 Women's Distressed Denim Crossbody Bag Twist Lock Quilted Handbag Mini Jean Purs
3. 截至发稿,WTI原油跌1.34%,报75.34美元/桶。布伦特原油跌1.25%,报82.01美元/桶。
---
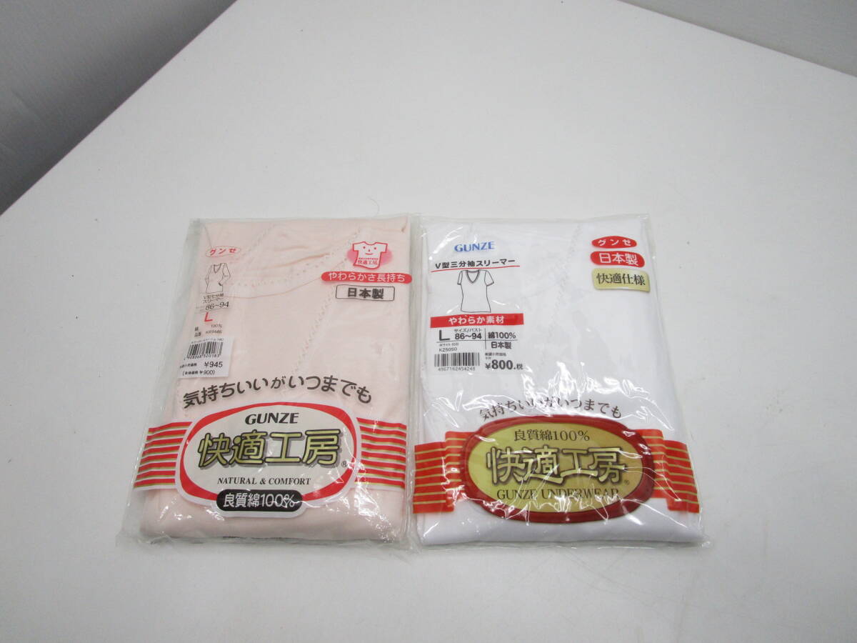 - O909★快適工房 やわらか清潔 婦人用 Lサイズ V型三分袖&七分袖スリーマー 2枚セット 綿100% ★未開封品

> Aim of the task:
Go to the line with "Women's Distressed Denim" in the entries above and repeat every line from there through the line with "3. 截至发稿,WTI原油跌", exactly and with no other text.

> Solution below:
 Women's Distressed Denim Crossbody Bag Twist Lock Quilted Handbag Mini Jean Purs
3. 截至发稿,WTI原油跌1.34%,报75.34美元/桶。布伦特原油跌1.25%,报82.01美元/桶。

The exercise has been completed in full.